## Problem to solve
Print exactly the lines from the one containing "Dame-corsage-toppen er designet" through the last line of the entries below; the pictures stay out of the copy.

## Records contained in a dataset
■ ■ ■ ■ ■ ■ ■

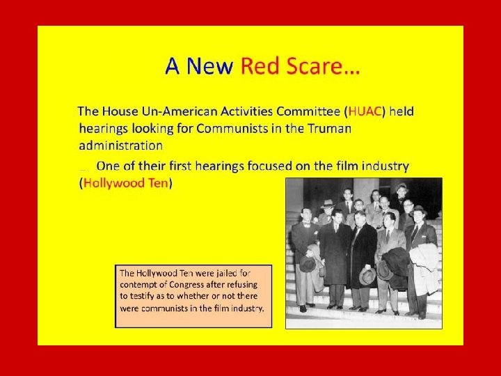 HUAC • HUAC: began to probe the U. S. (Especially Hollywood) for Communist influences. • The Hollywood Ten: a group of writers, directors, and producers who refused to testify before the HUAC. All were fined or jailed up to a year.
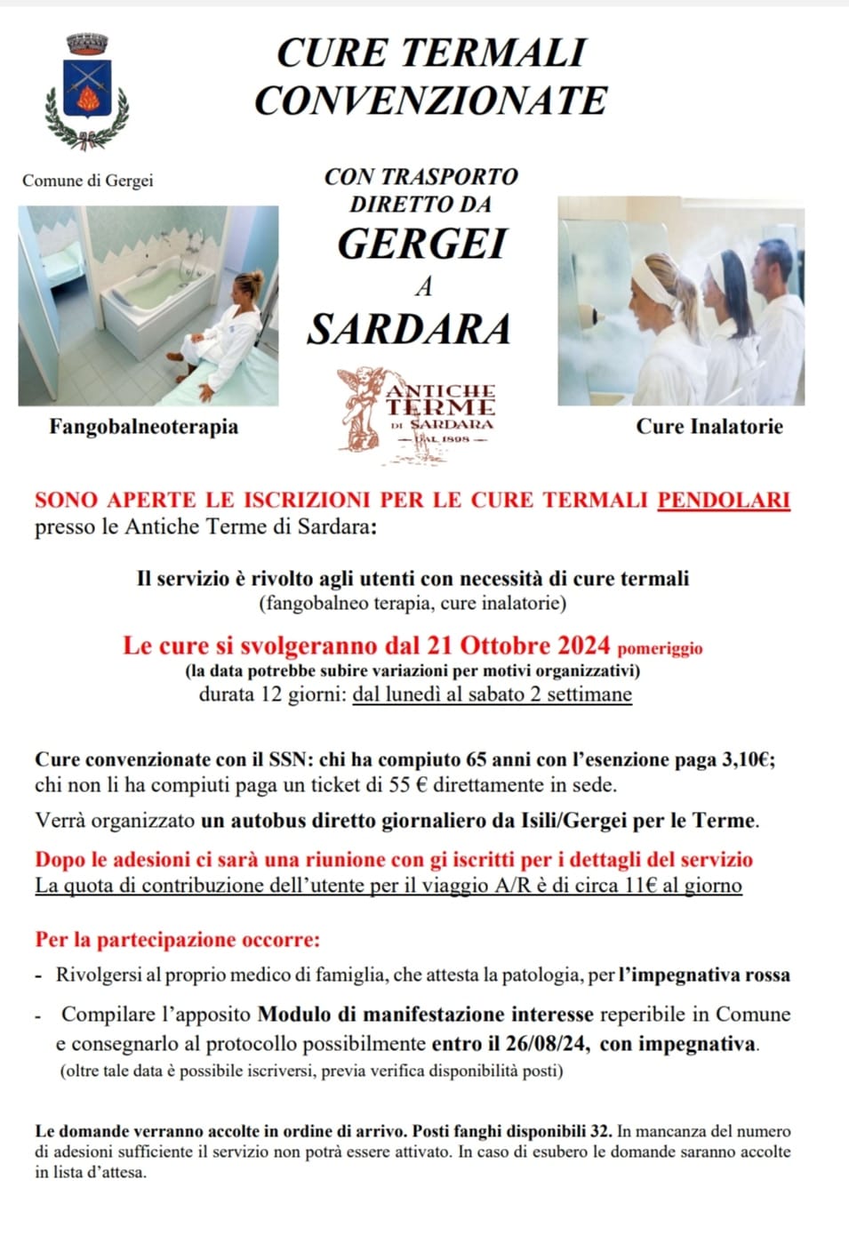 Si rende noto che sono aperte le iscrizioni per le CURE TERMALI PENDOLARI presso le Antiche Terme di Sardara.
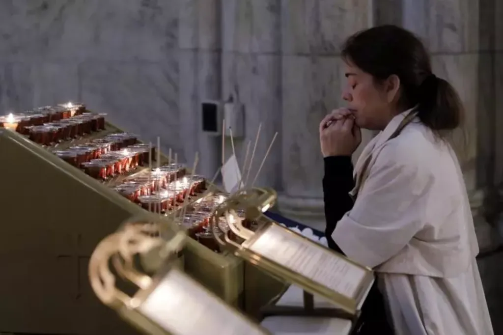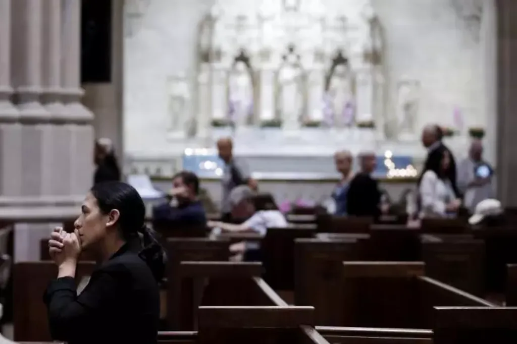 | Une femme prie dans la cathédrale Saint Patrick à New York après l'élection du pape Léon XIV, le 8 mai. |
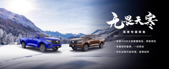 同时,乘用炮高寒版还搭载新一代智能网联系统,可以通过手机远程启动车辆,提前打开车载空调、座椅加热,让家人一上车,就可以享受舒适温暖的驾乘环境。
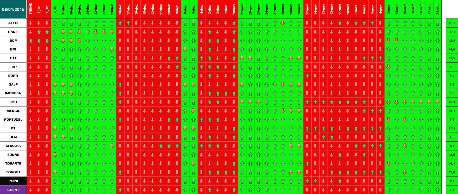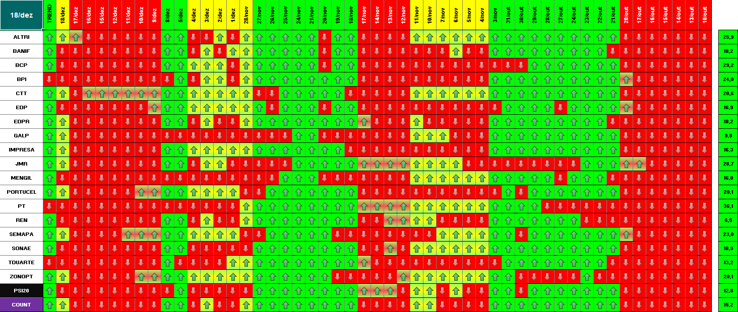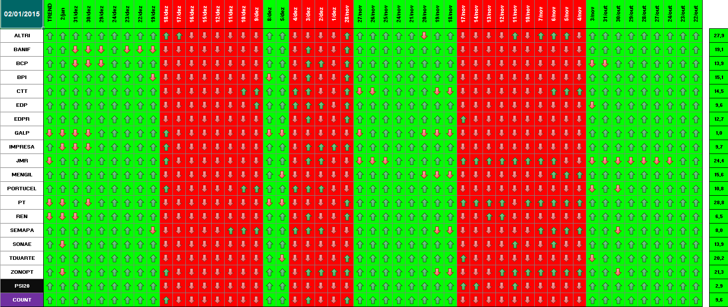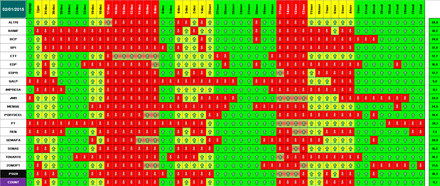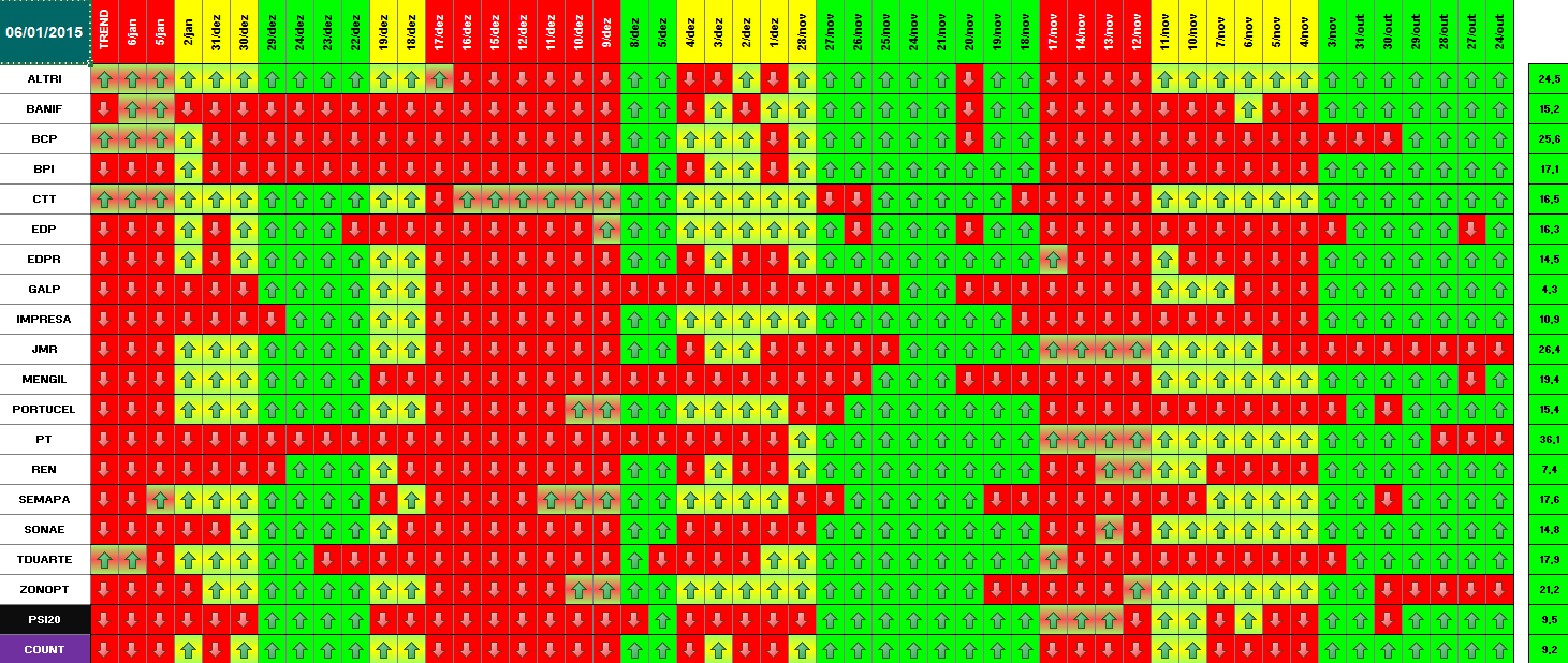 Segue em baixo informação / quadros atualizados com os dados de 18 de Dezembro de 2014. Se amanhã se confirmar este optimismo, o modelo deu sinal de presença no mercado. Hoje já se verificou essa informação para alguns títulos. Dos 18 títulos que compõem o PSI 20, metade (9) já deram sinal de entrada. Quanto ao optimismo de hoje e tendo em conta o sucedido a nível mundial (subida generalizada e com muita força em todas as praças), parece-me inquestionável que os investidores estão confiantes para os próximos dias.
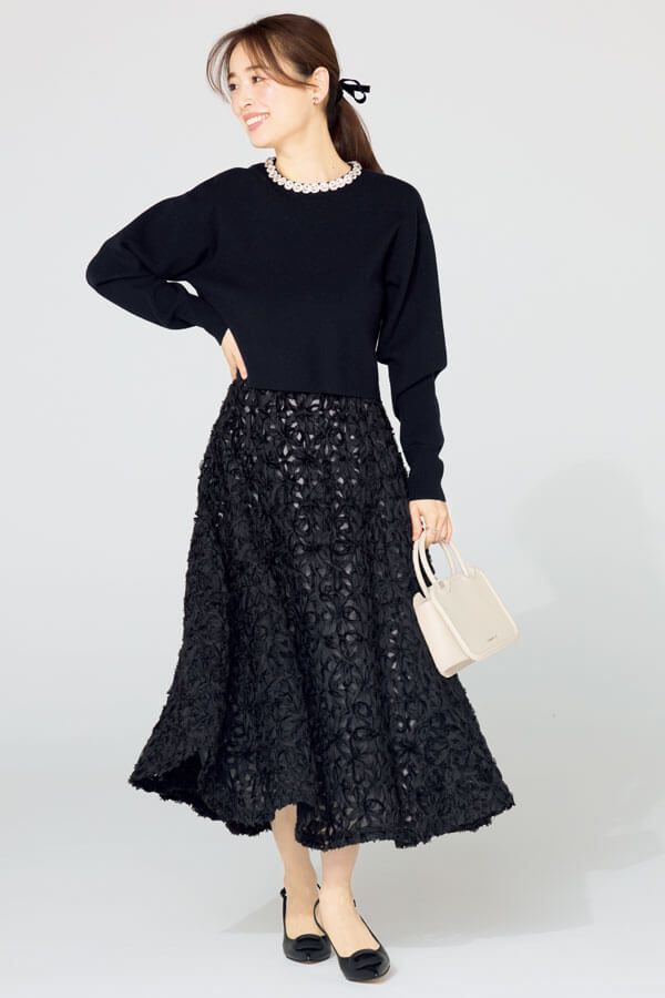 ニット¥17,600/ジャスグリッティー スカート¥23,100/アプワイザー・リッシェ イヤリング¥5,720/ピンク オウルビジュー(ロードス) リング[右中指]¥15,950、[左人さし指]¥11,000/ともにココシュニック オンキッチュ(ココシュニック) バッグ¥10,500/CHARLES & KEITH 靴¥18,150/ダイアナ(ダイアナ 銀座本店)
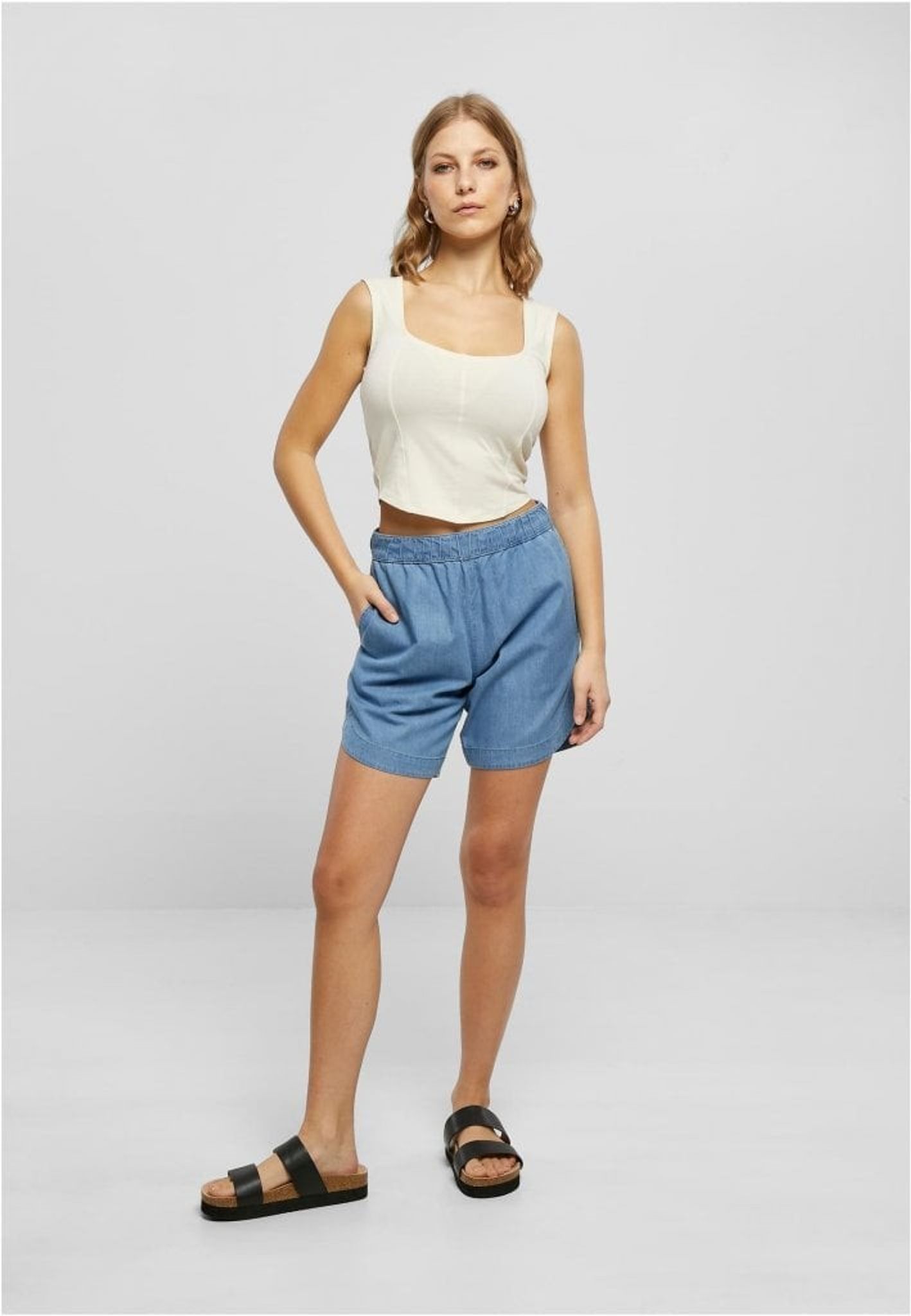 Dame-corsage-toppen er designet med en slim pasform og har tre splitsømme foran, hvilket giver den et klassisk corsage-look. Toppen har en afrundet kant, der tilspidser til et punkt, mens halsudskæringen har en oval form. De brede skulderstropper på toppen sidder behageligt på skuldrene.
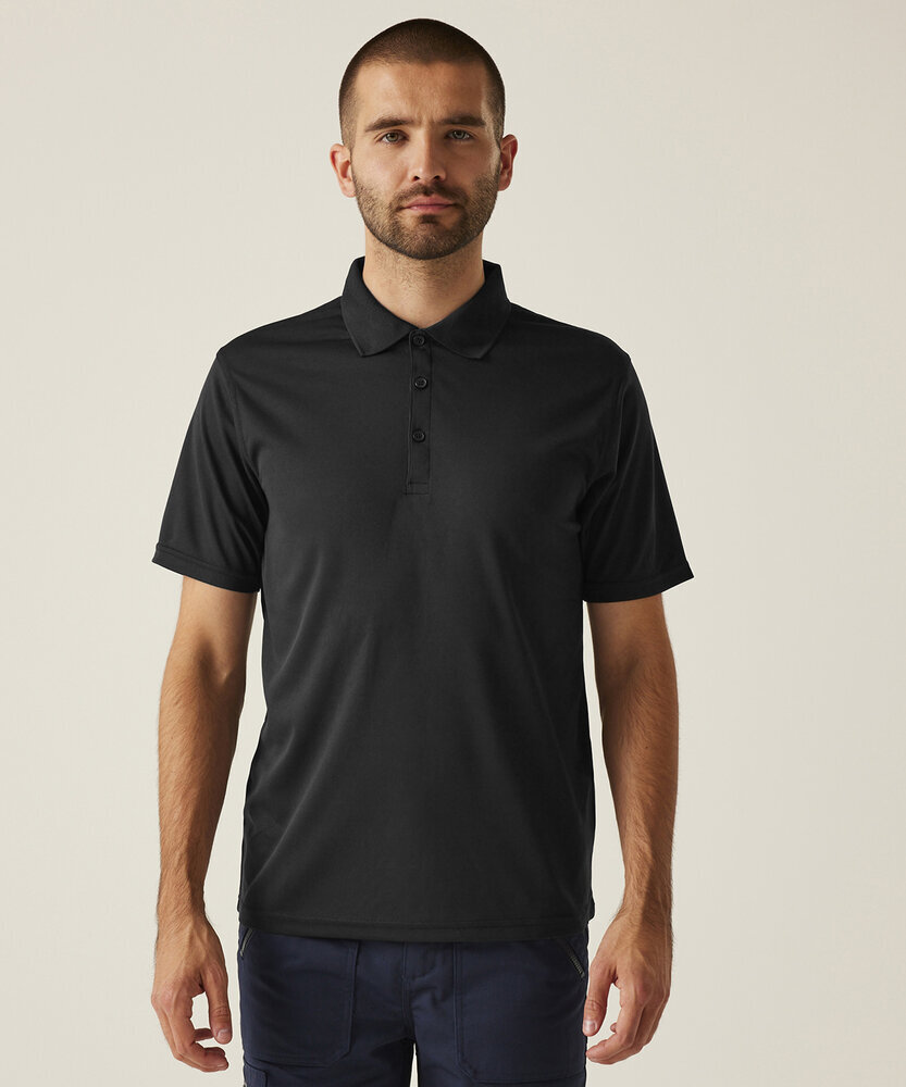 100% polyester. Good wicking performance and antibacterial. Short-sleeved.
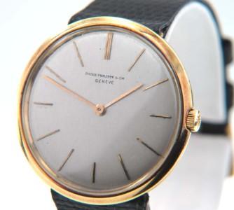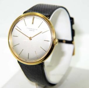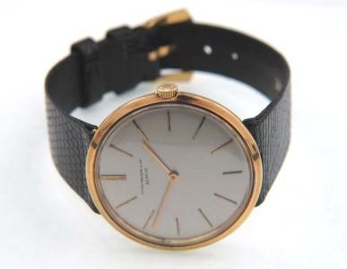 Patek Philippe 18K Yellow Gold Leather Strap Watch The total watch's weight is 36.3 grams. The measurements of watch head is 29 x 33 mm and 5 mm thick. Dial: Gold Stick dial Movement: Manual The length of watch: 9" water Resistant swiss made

■ ■ ■ ■ ■ ■ ■

## Response
 Dame-corsage-toppen er designet med en slim pasform og har tre splitsømme foran, hvilket giver den et klassisk corsage-look. Toppen har en afrundet kant, der tilspidser til et punkt, mens halsudskæringen har en oval form. De brede skulderstropper på toppen sidder behageligt på skuldrene.
 100% polyester. Good wicking performance and antibacterial. Short-sleeved.
 Patek Philippe 18K Yellow Gold Leather Strap Watch The total watch's weight is 36.3 grams. The measurements of watch head is 29 x 33 mm and 5 mm thick. Dial: Gold Stick dial Movement: Manual The length of watch: 9" water Resistant swiss made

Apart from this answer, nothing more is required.